Если вспомнить, что писал Скидан о метаморфозах, в которых природное становится культурным, то в этом тексте мы вновь столкнёмся с примером застопорившихся, мучительных изменений - мёртвые, которых породила культура, несущая с собой насилие, в то же время остаются природой - снегом, которым пронизано всё вокруг: Петербургский погибший народ / Вьется мелким снежком средь живых. Другими словами, как и в случае со "Сном" (1969), мы сталкиваемся с тем, что у Шварц именно культура подчас становится виновницей того, что взаимоотношения между субъектами выстраивается на столь болезненной основе.

Кроме того, в этих строках закрепляется представление о потустороннем как о постоянно присутствующем в "реальном" мире. С этим представлением, в частности, связан мотив ранящего взгляда, который мы уже разбирали на другом материале. Если в предыдущем примере источником взгляда был мужчина, то теперь им становятся бесплотные духи, чьё присутствие и внимание вызывает тревогу. Укрыться от чужих взглядов, посягающих на тело, не выйдет нигде, уже в "Из Гейне" карлик спрашивал героиню: Не видишь, что духов воздух полн? (1; 63). Во второй же части "Двух сатир в духе Горация" оказывается, что эти самые духи - невидимые бесы, которые ни на секунду не спускают с человека глаз: О Боже! Я хохот злобных бесов слышу, / Шпионов нашей жизни праздной, / Безжалостных, дурашливых и ловких, / Блуждающих, летающих повсюду, / Свои поганые нетленные тела / Сквозь наши - бренные - они проносят. / Напиток глупости надменно пьют / И тычут пальцами в Твое творенье (1; 68).
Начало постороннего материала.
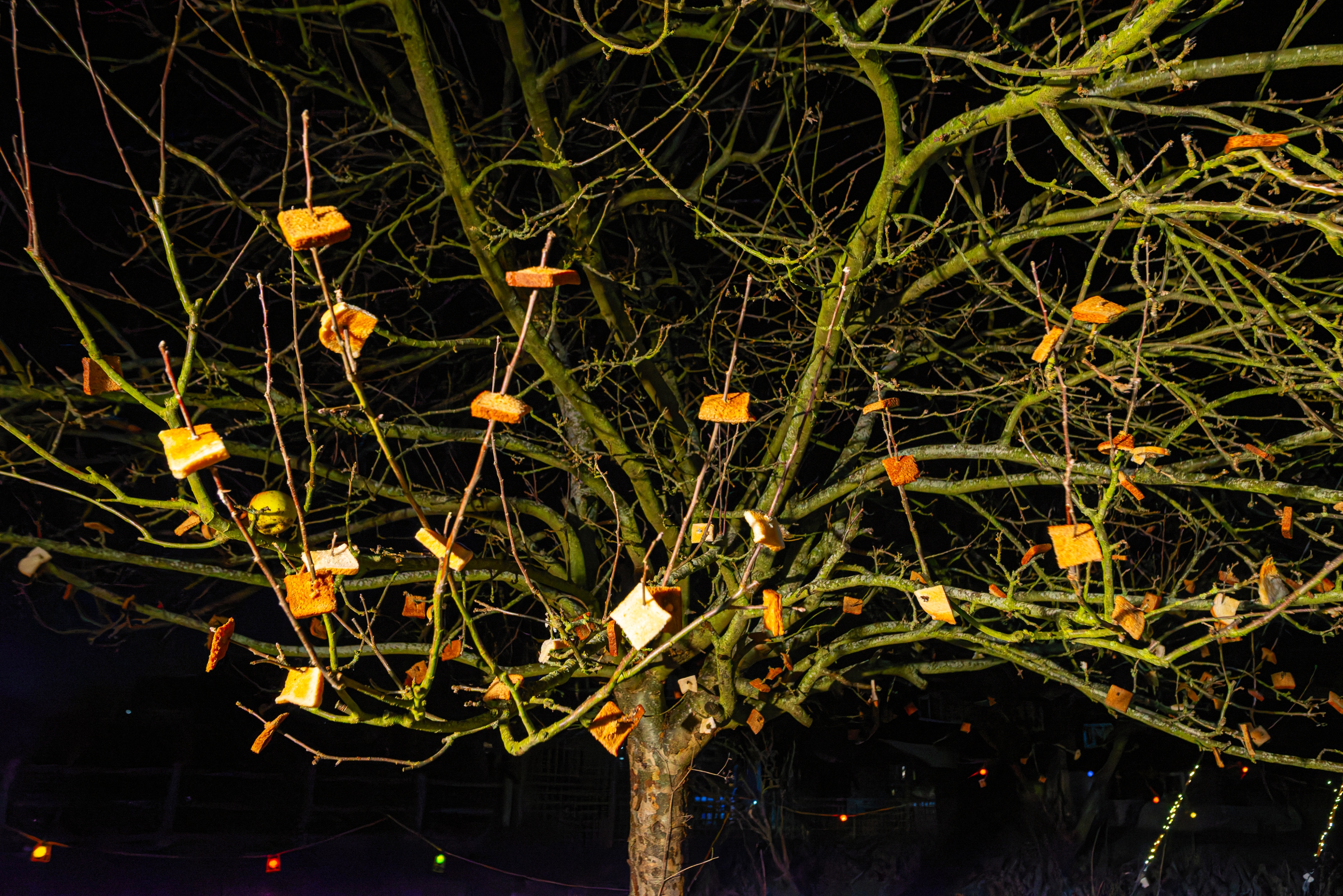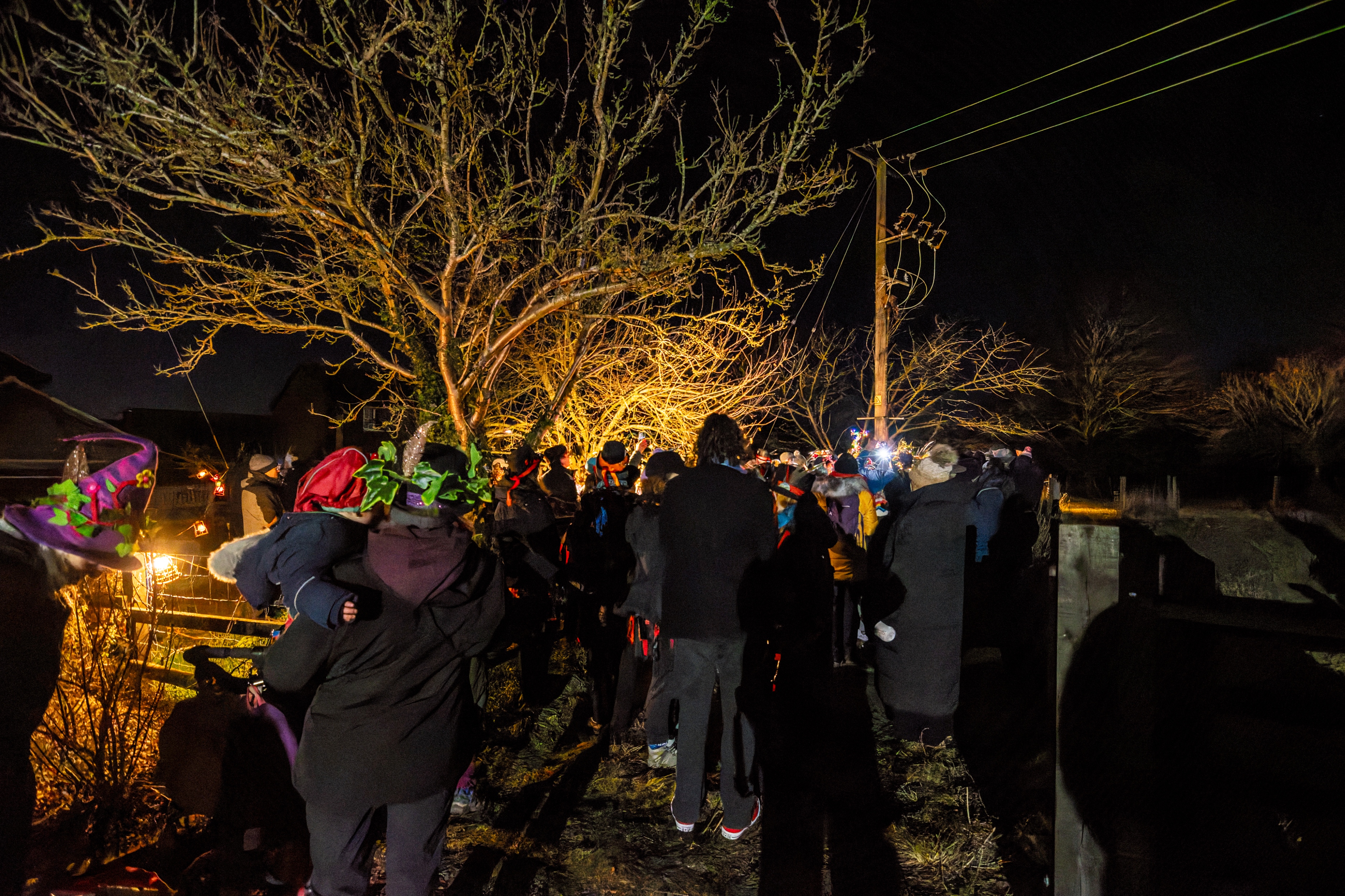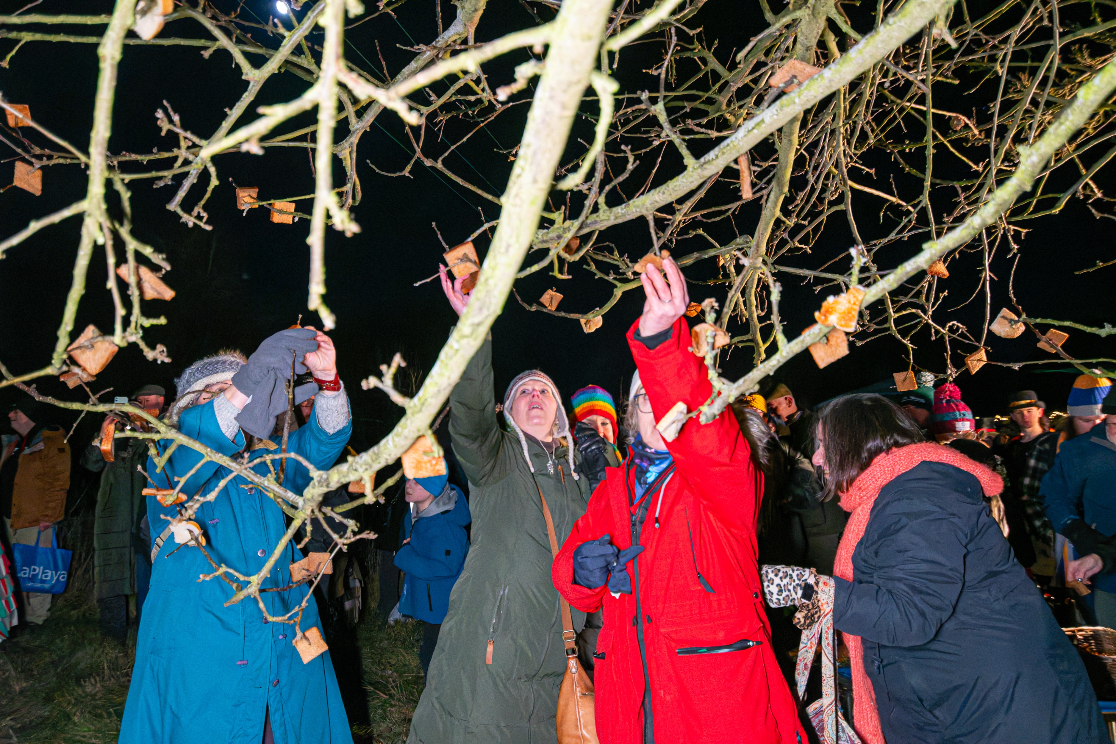 Wrap up warm, bring a torch, a saucepan lid and a wooden spoon. Once we have hung toast soaked in cider in the trees in the orchard and sung a couple of wassail songs we toast the apple trees then make as much noise as possible to encourage the trees to bear as many apples as possible next year.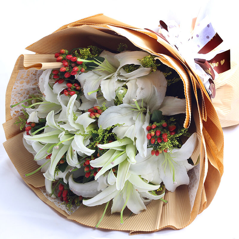 花材: 精选11朵香水百合,搭配相思豆、黄莺点缀。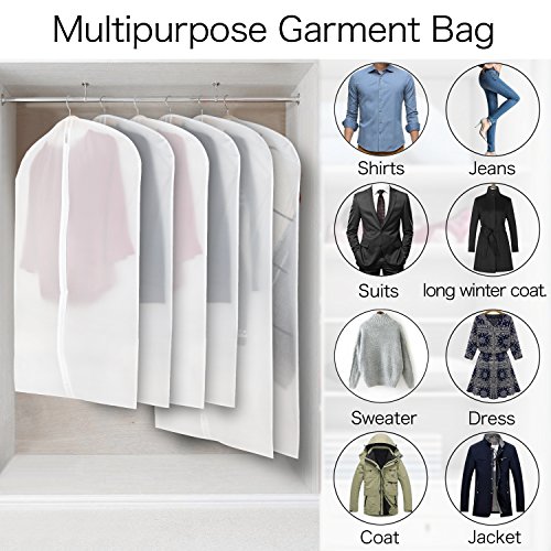 【Breathable Garment Bag】The Upgraded Version Hanging suit/garment bag are made of Soft PEVA material ,snag free and full length center sturdy zipper. 2 inches bigger than standard bag . Dust and water resistant, it can protect your clothing from mildew and pet hair, keeping them fresh and wrinkle free.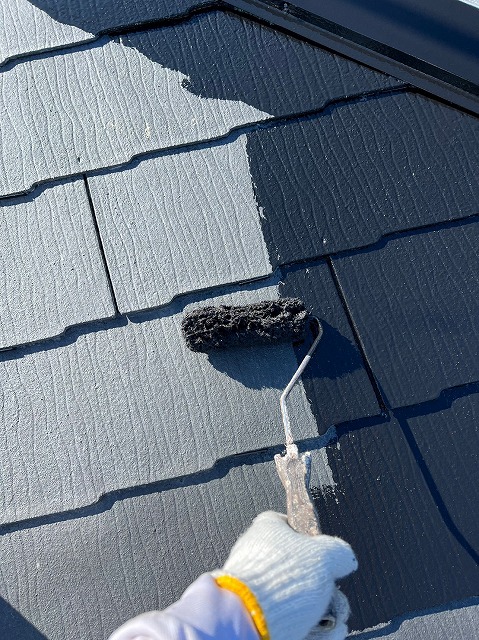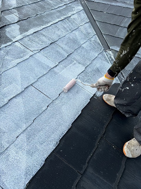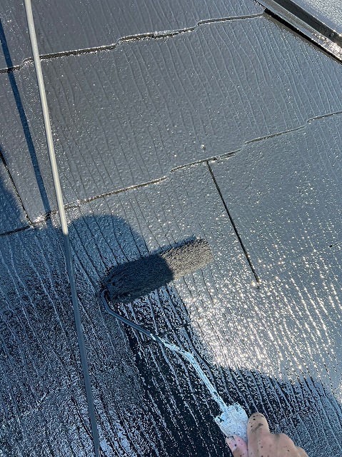 下塗りはプライマーを使います。プライマーは次に塗る塗料と下地の屋根材を密着させるための接着剤の役割があります。それだけではなく直した傷などを埋めて表面を平らにするなどとても大切な下塗りになります。遮熱効果もあり塗ることにより高い効果を得れます!!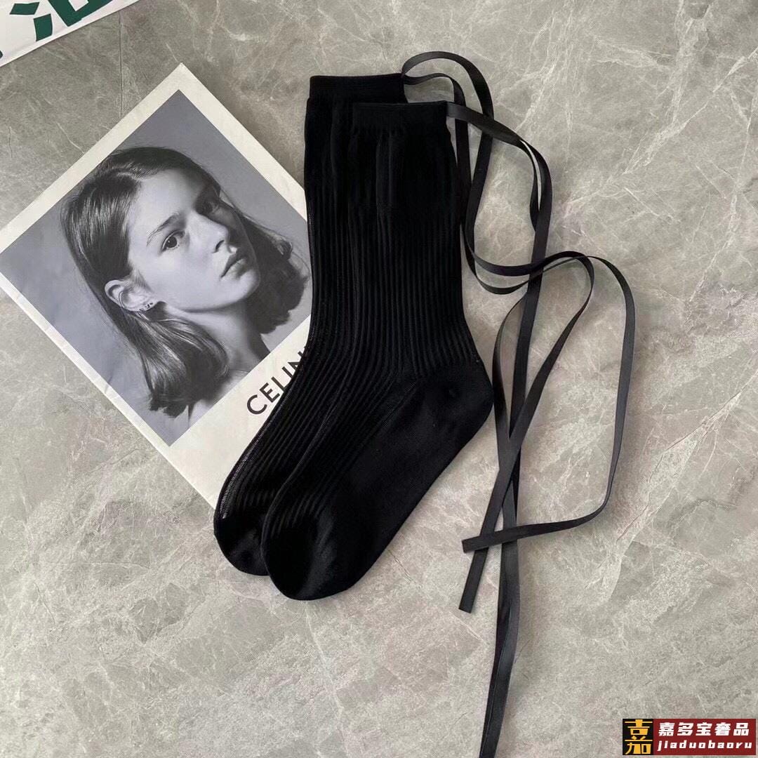 配包装一盒五双黑色小態爆款高筒袜高版本好看到爆炸欧美大牌中筒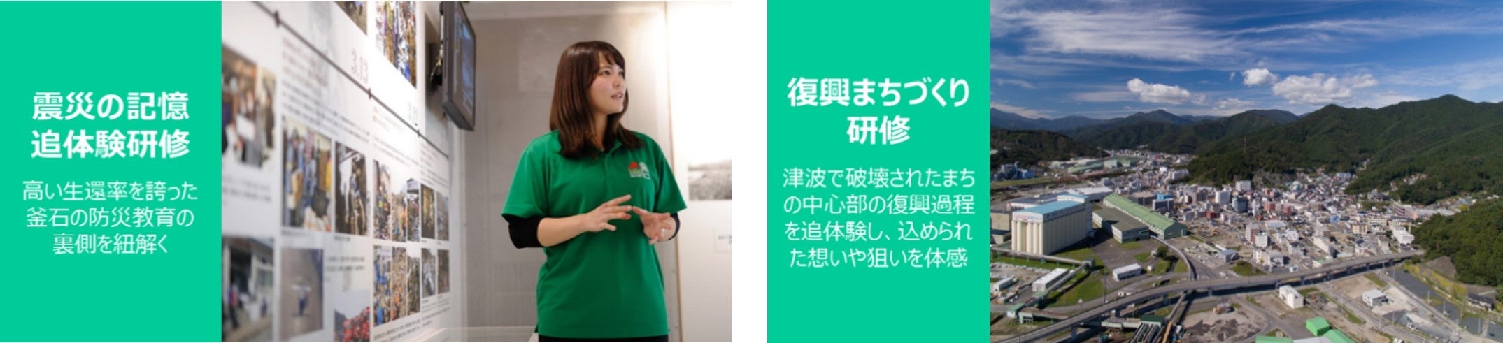 釜石市では、企業からの研修型の受け入れを中心に、釜石ならではの「研修」「体験プログラム」によって学びを得る『ラーニング・ワーケーション in 釜石』を提供。震災を経験した釜石だからこそ提供できる震災関連の研修プログラムから、リーダー人材育成やチームビルディング、防災意識の向上、また持続可能な観光実践の先進地から学ぶSDGsなど、企業課題の解決に貢献することを目指しています。

Этот ранящий взгляд можно обернуть вспять, отказаться от своего зрения, отдав его другим, как это происходит в стихотворении "Слепота": Больше смотреть не хотят, / Иссмотрелись глаза <…> Не вбирает, а излучает зренье / Все, что высмотрело, - / Лица, дома, / И рождает из себя звезды. / Светящиеся пауки, / На дне глазниц лежащие, / Другим мирам, чужим глазам / Уже принадлежащие (1; 278). В этой экстериоризации и намечается путь к установлению такой связи с Другим, которая не ведёт к гибели обоих. Преодолеть разрыв с Другим - это значит, для начала, признать его равным себе и заинтересоваться в нём: Ужели для всех одинаково значит / Весь этот простой алфавит? / Ужель и у тебя душа, / Размноженный прохожий, / Такая ж дремлет чуть дыша / Под синеватой кожей? (1; 20). Путь к Другому лежит через жертвование собственным телом, однако подчас эта необходимость понимается превратно и своеобразной учредительной жертвой становится самый беспомощный - ребёнок. Так это уже было в "Из Гейне", так происходит и в "Живой молнии" - героиня становится поэтом благодаря удару молнии, но при этом погибает ребёнок: Она лишь к древу прислонилась - / И целый лес гудит огнем, / Дитя погладила (забылась) - / Младенец рухнул головней (1; 143). Дети вообще находятся на грани исчезновения, как это показано в "Коляске, забытой у магазина", в которой младенец без присутствия матери вот-вот исчезнет: Лежит младенец под / Чуть наклоненною стеною, / Жива стена, жив шелк, шуршат пеленки, / И только нет его, он растворен, / Он ничего не значит (1; 18). Этот пример показывает, что для собственной проявленности герою Шварц необходимо постоянно поддерживать связь с Другим - только в его глазах он существует. Такая же судьба у Надежды Дуровой - она забывает саму себя, но другие (Другие) её не забудут: О, не забудется Девица / Надежда Дурова, гусар! (1; 264). Об этом же сказано в уже упомянутом стихотворении "В моей душе сквозит пролом…": хотя героиня и призывает Другого не подходить, но и покинуть её она не просит, а наоборот, молит "издали глядеть", присутствовать. На эту же проблематику указывает и Олег Дарк уже в гендерном её аспекте: "Незатронутость/неуязвимость Девы - мука мужчины. Сначала кажется странным, что мужчина у Шварц вообще появляется, ему словно и места нет в речи Девы. Но потом понимаешь, что без него мир Девы был бы неполон, непроявленнее. Как в "Пейзаже с разговором" ("Летнее Морокко") (Олег Дарк 2003).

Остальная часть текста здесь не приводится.